The question then arises of the reason of this discrepancy between the symmetries of the ferroelectric phases in the film and in the bulk at zero misfit strain. The discrepancy lies in the definition of the misfit strain as the difference between the strained state of the system (i.e., its in-plane lattice parameter) and the thermodynamical reference unstrained free state (i.e., the pseudocubic lattice parameter of the bulk). This implies that a zero misfit strain corresponds to the bulk only in the paraelectric case. Therefore, there is no reason why the ferroelectric phases should adopt the same symmetry as the bulk ones. We shall develop this point in the “Misfit strain” section.

At positive misfit strain
In the positive case (sm = +0.8%) displayed in Fig. 8, there is a low temperature monoclinic r phase throughout the considered composition range (i.e., for Ti concentration greater than 40%) above which lies the orthorhombic so-called aa phase that eventually transforms into the tetragonal paraelectric phase upon heating. As for the negative case (sm = −0.4%, Fig. 6), the evolution of the Curie temperature with composition is not monotonous, for the same reason.
Fig. 8

Temperature–composition phase diagram for Pb(Zr1−xTix)O3 (x ≥ 0.4) for constant biaxial isotropic misfit strain of +0.8%. The black squares indicate the bulk para-ferroelectric transition temperatures, for comparison purposes. Points extracted from [95]

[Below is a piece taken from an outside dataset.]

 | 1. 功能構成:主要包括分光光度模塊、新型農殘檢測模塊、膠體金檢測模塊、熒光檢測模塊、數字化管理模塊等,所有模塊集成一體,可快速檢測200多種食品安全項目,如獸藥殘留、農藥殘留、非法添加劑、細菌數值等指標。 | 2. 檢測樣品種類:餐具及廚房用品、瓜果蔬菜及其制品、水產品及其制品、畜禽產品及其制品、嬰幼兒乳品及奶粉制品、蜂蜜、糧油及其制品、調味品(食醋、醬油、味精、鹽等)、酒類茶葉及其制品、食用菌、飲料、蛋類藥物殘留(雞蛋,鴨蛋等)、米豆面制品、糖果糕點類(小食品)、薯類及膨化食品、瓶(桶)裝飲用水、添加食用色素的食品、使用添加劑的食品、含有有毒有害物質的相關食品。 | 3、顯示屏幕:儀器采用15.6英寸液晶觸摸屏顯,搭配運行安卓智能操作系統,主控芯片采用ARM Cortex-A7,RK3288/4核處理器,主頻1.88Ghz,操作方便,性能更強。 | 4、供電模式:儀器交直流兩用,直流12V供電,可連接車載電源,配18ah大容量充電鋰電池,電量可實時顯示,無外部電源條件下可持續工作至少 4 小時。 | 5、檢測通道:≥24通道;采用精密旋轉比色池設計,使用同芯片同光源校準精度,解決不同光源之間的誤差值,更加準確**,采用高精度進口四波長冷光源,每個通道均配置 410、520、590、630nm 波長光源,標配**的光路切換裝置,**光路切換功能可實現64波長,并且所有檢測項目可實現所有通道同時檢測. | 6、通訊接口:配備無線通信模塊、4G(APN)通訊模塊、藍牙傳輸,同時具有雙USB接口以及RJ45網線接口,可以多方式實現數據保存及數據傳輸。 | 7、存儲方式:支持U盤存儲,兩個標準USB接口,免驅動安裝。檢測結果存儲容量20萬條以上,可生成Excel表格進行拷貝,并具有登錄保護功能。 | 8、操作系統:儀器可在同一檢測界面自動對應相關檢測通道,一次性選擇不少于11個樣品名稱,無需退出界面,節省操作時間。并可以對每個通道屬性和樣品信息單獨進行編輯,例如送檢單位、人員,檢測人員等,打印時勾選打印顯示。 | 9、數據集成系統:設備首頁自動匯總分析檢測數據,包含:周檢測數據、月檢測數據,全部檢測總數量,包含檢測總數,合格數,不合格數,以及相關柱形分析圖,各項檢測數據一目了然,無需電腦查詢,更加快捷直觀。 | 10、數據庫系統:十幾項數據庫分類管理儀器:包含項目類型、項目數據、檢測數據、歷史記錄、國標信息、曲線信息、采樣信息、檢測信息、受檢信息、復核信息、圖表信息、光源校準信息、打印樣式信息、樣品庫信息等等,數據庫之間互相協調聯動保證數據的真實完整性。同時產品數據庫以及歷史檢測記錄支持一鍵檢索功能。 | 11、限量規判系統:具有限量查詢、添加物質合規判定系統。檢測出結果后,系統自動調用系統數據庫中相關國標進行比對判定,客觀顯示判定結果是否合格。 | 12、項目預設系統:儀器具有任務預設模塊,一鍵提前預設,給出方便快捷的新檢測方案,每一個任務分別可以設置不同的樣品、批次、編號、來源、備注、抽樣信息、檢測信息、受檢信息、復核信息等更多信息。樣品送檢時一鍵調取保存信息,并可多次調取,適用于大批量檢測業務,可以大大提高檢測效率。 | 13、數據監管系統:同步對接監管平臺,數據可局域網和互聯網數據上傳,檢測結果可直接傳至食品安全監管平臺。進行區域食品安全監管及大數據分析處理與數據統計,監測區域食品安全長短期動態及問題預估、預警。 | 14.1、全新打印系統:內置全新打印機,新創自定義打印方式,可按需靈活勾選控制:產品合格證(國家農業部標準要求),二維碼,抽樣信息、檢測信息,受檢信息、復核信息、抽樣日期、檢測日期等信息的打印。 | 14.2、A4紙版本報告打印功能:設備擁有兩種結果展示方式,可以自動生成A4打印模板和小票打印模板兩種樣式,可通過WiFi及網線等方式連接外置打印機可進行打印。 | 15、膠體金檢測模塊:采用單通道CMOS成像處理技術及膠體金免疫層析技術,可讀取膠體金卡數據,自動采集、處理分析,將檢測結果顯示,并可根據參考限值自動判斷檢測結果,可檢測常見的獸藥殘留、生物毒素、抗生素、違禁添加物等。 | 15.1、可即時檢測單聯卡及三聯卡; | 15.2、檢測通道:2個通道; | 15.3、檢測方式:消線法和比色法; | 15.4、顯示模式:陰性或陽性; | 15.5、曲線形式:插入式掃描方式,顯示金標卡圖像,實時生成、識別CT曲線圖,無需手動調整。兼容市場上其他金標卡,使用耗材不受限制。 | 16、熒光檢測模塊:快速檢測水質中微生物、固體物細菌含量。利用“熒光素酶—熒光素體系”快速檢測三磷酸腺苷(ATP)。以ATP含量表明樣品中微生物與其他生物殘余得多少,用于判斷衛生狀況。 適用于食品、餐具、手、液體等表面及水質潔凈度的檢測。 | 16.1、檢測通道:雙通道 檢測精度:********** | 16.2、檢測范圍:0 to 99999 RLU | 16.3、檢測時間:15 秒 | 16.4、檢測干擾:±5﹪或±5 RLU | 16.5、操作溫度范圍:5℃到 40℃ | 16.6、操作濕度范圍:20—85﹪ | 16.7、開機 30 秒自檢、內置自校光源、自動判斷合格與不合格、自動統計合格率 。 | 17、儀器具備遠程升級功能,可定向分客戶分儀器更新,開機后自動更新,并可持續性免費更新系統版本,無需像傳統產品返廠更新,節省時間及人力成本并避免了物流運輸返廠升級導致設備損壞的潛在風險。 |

As a conclusion, the strain effect is more subtle than a simple shift [117, 118, 119] of the temperature–composition phase diagram of bulk PZT and enable the stabilization of monoclinic phases on a much wider range of compositions than in the bulk.

Polydomain films

Domain structure

The possible domain structures on a cubic substrate have been labeled:
  • c (monodomain) structure, when the polarization is pointing perpendicularly at the interface. These domains are tetragonal with a symmetry P4mm.

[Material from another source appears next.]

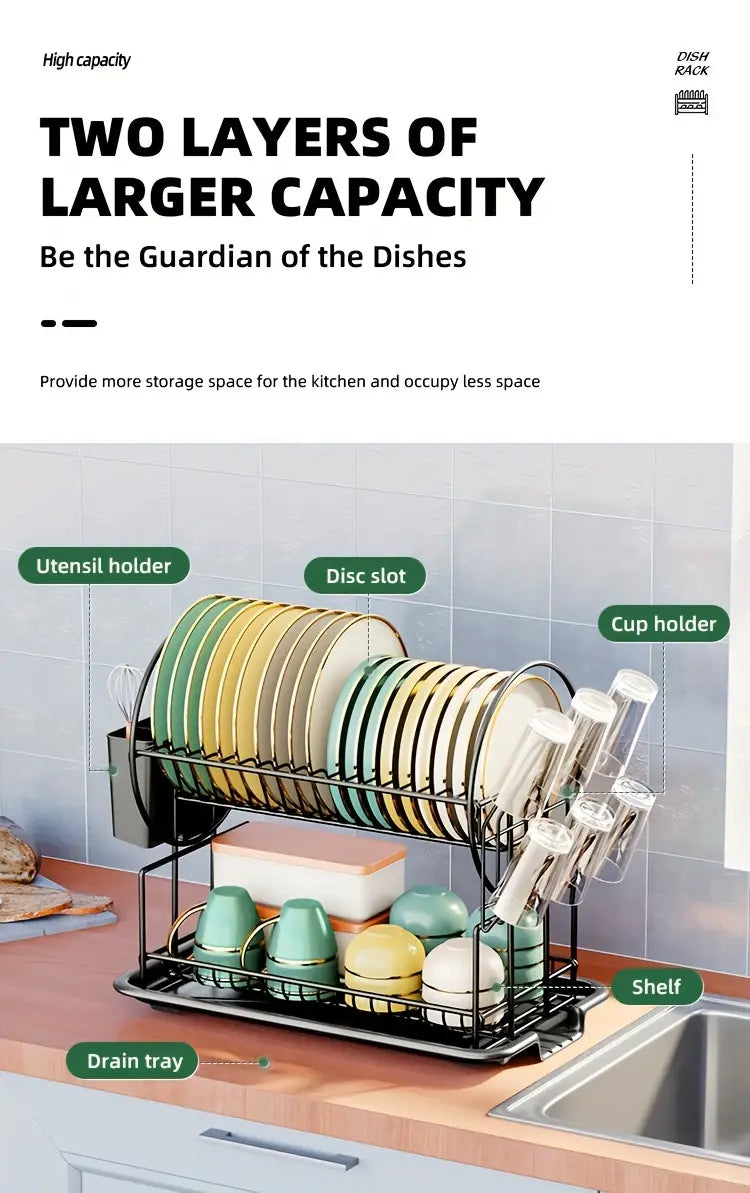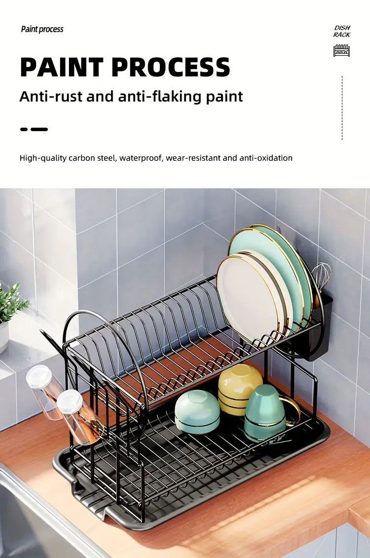 Multifunctional 2-Tier Dish Drying Rack with Utensil Holders and Drainboard for Kitchen Countertop

  • a1/a2/a1/a2 domain structure. a1 domains have their polarization pointing along the direction x (or 1) of the substrate (see Fig. 5) whereas a2 domains have their polarization pointing along the perpendicular in-plane direction. These domains are orthorhombic. Indeed, the displacement of the B cation along [100] or [010] breaks the fourfold symmetry and induces the orthorhombic symmetry. A structure composed of a single type of a domains is however always less stable than a structure in which both type of a domains coexist [87]. This changes when an anisotropic strain is imposed on the film by means of orthorhombic substrates (see “Anisotropic 2D stress field” section).

  • c/a/c/a domain structure. In this structure c and one type of a domains coexist. As a consequence, this structure could be labeled c/ai/c/ai (i=1,2). In this structure, c domains are tetragonal and a domains orthorhombic (the lattice parameters for such a phase are reported in Fig. 11).

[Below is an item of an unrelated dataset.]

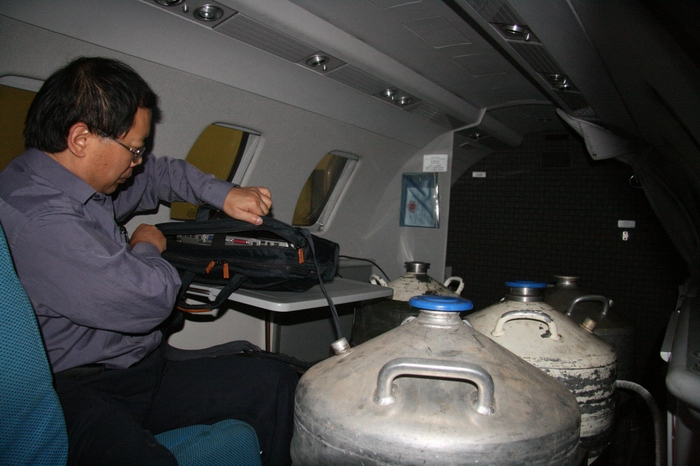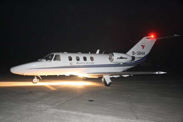 9月8日22点20分,当广汉分院机场结束了一天的繁忙训练,奖状B—3644却在夜幕中起飞,开始了首次四川省资源性降雨飞行任务。为了支持地方经济建设,造福四川人民,广汉分院从98年以来一直参与四川省人工增雨工作,多次受到省委、省政府的表彰。执行增雨任务的飞机,也从运七—100和夏延ⅢA、到今天的奖状喷气式飞机。据省人工影响天气办公室副主任孙林生、詹万志介绍:过去在广汉机场组织进行的都是应急性增雨,而此次增雨为资源性增雨。为了开发空中水资源,今年3月份省政府就召开了进行资源性增雨工作协调会,因为发生5.12大地震,这项工作便停了下来,而且由于地震不少水库受到不同程度的破坏,为了安全部分水库还放干了水。现在为了解决今冬、明春的工农业用水的困难,我们开始了该项工作。今天经过和广汉分院气象台工程人员的共同天气会商,决定今晚避开地震灾区,为川东南地区实施资源性人工增雨。

  • a structure in which the three domains coexist is theoretically possible and would consist of the coexistence of c/a1/c/a1 and c/a2/c/a2 domain structures. However, it has been shown [120] that symmetry imposes the volume fraction of c domains to be equal in both structures and the volume fraction of c/a1 and c/a2 to be also equal. The equilibrium elastic energy corresponds to a volume fraction of c domains of \(1-2\frac{a_{\rm s}-a_{\rm b}}{c_{\rm b}-a_{\rm b}}\) with ab, cb the lattice parameters of the tetragonal bulk and as the substrate’s lattice parameter. The substrate’s lattice parameter then has to satisfy: \(a<a_{\rm s}<\frac{a+c}{2}\).

  • a r*/aa*/r*/aa* structure is a polydomain structure where the r* domains (P1 ≠ 0, P2 ≠ 0, P3 ≠ 0, and P1≃ P2 > > P3 ≠ 0 at large misfits) coexist with the aa* (P1,P2 > > P3 ≠ 0) ones.

The possibility of having several layers with different domain structures on top of each other has not been specifically addressed theoretically even though this possibility was reported for tetragonal PZT thin films [121]. In addition, the case of 3-domain structures has only been considered under stress-free conditions to explain experimental results [122].

Temperature–misfit strain phase diagrams for polydomain films

Temperature–misfit strain phase diagram considering polydomain structures, when calculated from thermodynamical considerations, are based on the monodomain ones. The relative stability of the polydomain phases is compared to the monodomain ones. This methodology has been applied to PbTiO3 (and BaTiO3) by Pertsev et al. [123]. The considered system consists of thin films with a periodicity of the lamellar domain structure much smaller than the thickness of the film, under short-circuit electric boundary conditions. In these films, the depolarizing field is negligible and does not affect the domain structure ([123] and references therein).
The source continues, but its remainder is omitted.